About this time of year, I always start to wonder if my house will be comfortable enough to get my family through the heart of summer. We still haven’t made the leap to an active cooling system and we’ve been fine without one. In part that’s because we’re cheap. But it’s also due to our embrace of the whole house approach to energy efficiency. This means that we treat our house as a system of interrelated parts and that we tackle efficiency strategically. Here are some simple tips related to the whole house approach, including low- and no-cost measures you can take today to keep your home cool:

First, avoid the need for cooling in the first place:

  • Air seal and insulate your house to recommended levels. (Consider a home energy audit to help you make these decisions.)
  • Plant deciduous trees that leaf out during the summer on the south, west, and east sides of your house.
  • Open windows at night and in early mornings to bring in cool air and close them during the day.
  • Block the sun with window treatments – cellular/honeycomb shades are particularly effective. (Leave enough light for houseplants.)

Then, if you’re still uncomfortable and want an active cooling system:

  • Might portable room fans or strategically located ceiling fans be sufficient?
  • Whole house fans are the ‘whole home’ cooling option that is least expensive to operate.
  • Evaporative (swamp) coolers are generally more efficient than air conditioners but use more water and require more maintenance.
  • If you are also considering a new electric heating system, heat pumps can both heat and cool one or more rooms.
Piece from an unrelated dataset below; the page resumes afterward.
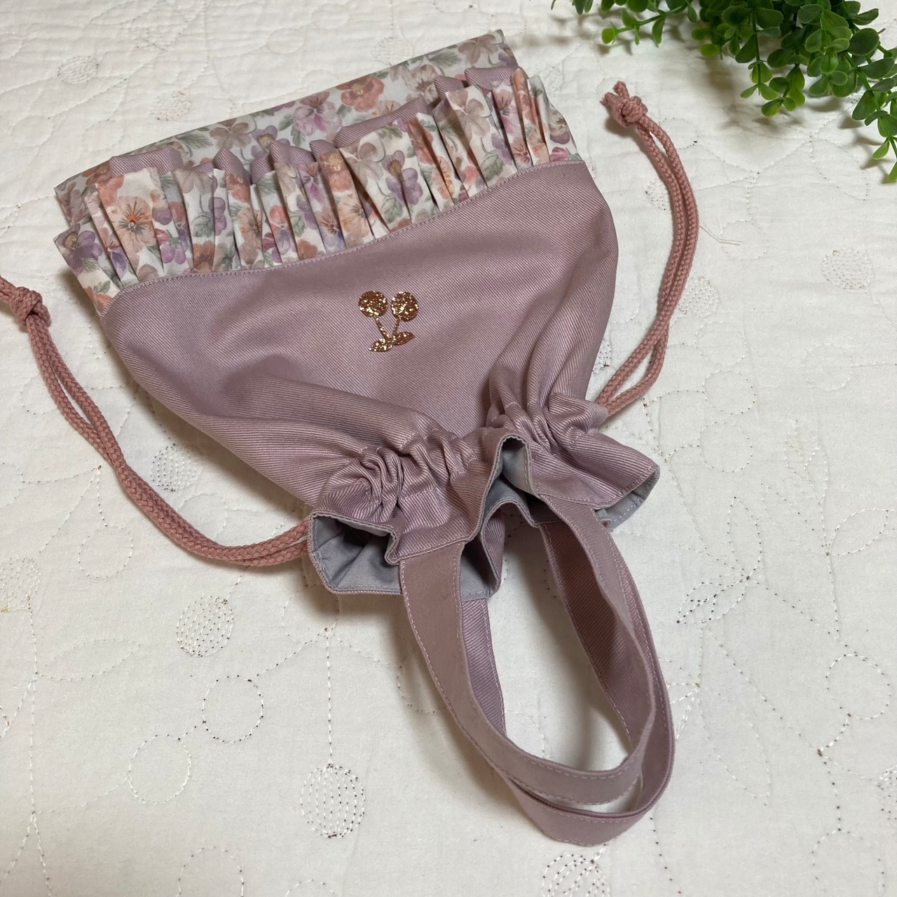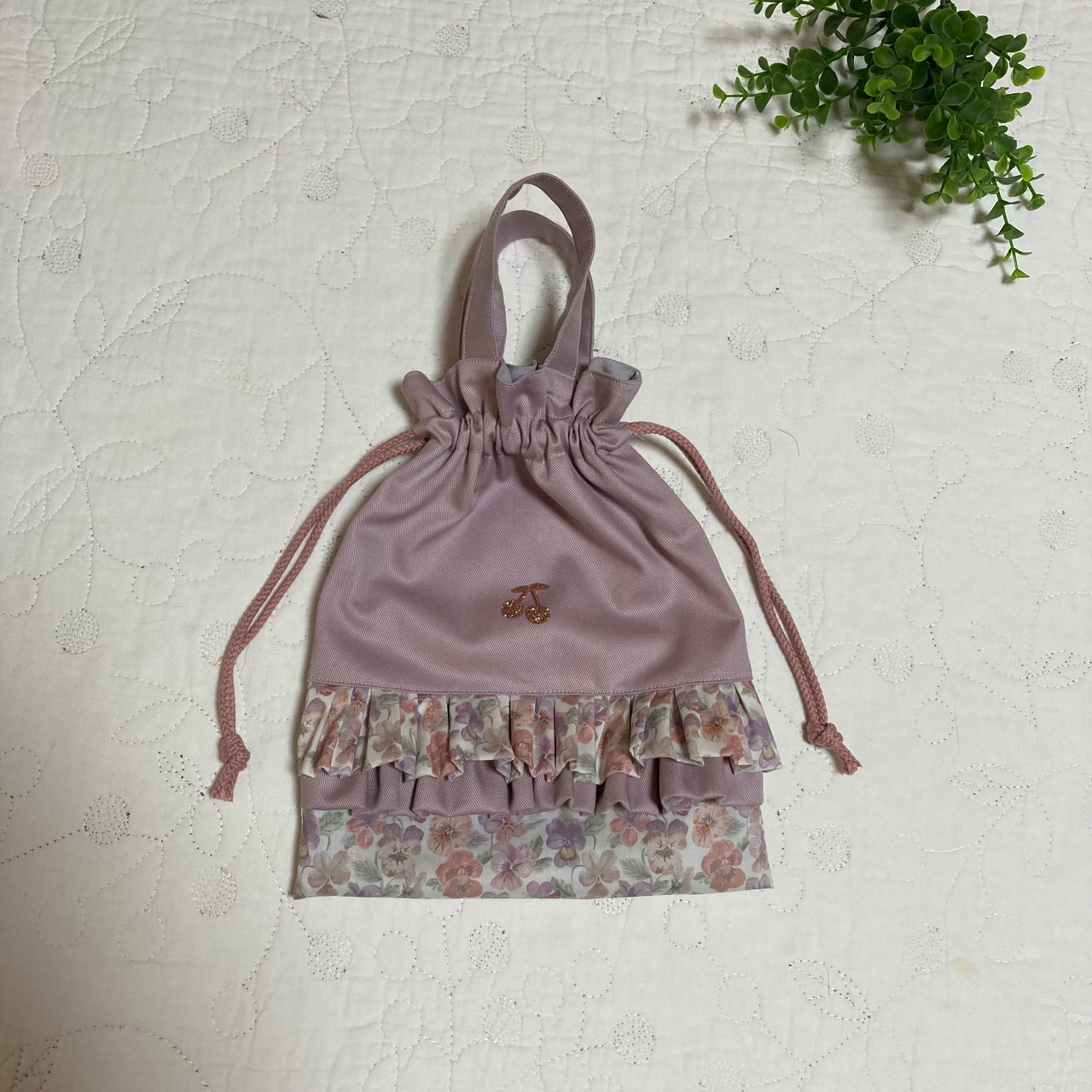 持ち手付き巾着袋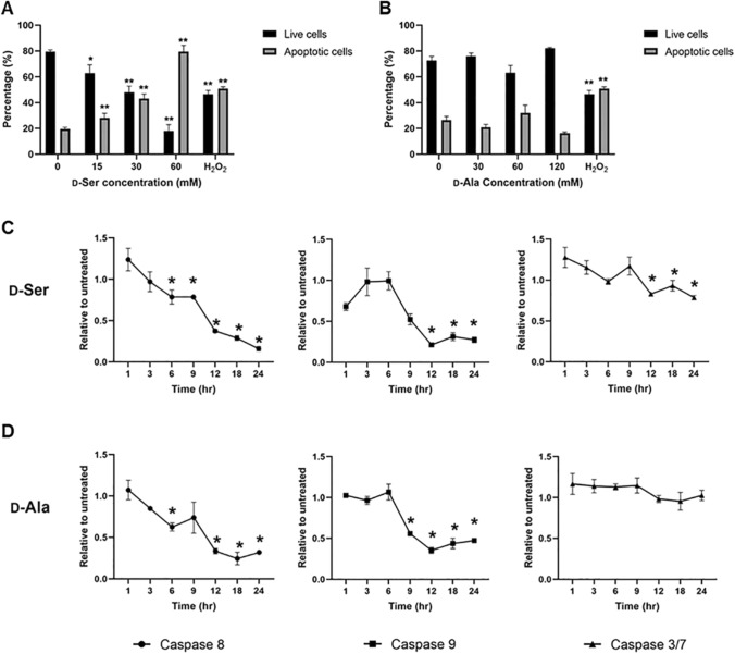 Studies in vivo have demonstrated that the accumulation of D-amino acids (D-AAs) is associated with age-related diseases and increased immune activation. However, the underlying mechanism(s) of these observations are not well defined. The metabolism of D-AAs by D-amino oxidase (DAO) produces hydrogen peroxide (H2O2), a reactive oxygen species involved in several physiological processes including immune response, cell differentiation, and proliferation. Excessive levels of H2O2 contribute to oxidative stress and eventual cell death, a characteristic of age-related pathology. Here, we explored the molecular mechanisms of D-serine (D-Ser) and D-alanine (D-Ala) in human liver cancer cells, HepG2, with a focus on the production of H2O2 the downstream secretion of pro-inflammatory cytokine and chemokine, and subsequent cell death. In HepG2 cells, we demonstrated that D-Ser decreased H2O2 production and induced concentration-dependent depolarization of mitochondrial membrane potential (MMP). This was associated with the upregulation of activated NF-кB, pro-inflammatory cytokine, TNF-α, and chemokine, IL-8 secretion, and subsequent apoptosis. Conversely, D-Ala-treated cells induced H2O2 production, and were also accompanied by the upregulation of activated NF-кB, TNF-α, and IL-8, but did not cause significant apoptosis. The present study confirms the role of both D-Ser and D-Ala in inducing inflammatory responses, but each via unique activation pathways. This response was associated with apoptotic cell death only with D-Ser. Further research is required to gain a better understanding of the mechanisms underlying D-AA-induced inflammation and its downstream consequences, especially in the context of aging given the wide detection of these entities in systemic circulation.

No ductwork is required.
  • Use room air conditioning only where needed.
  • Regularly change air conditioning filters and clean the condenser.
  • Purchase Energy Star and Most Efficient products when shopping.
  • Set your thermostat as high as is comfortable.
  • Be especially cautious with cooling if your electric utility charges special summer rates based on usage.
  • Check out our Cooling System Calculator to compare costs of different active cooling systems.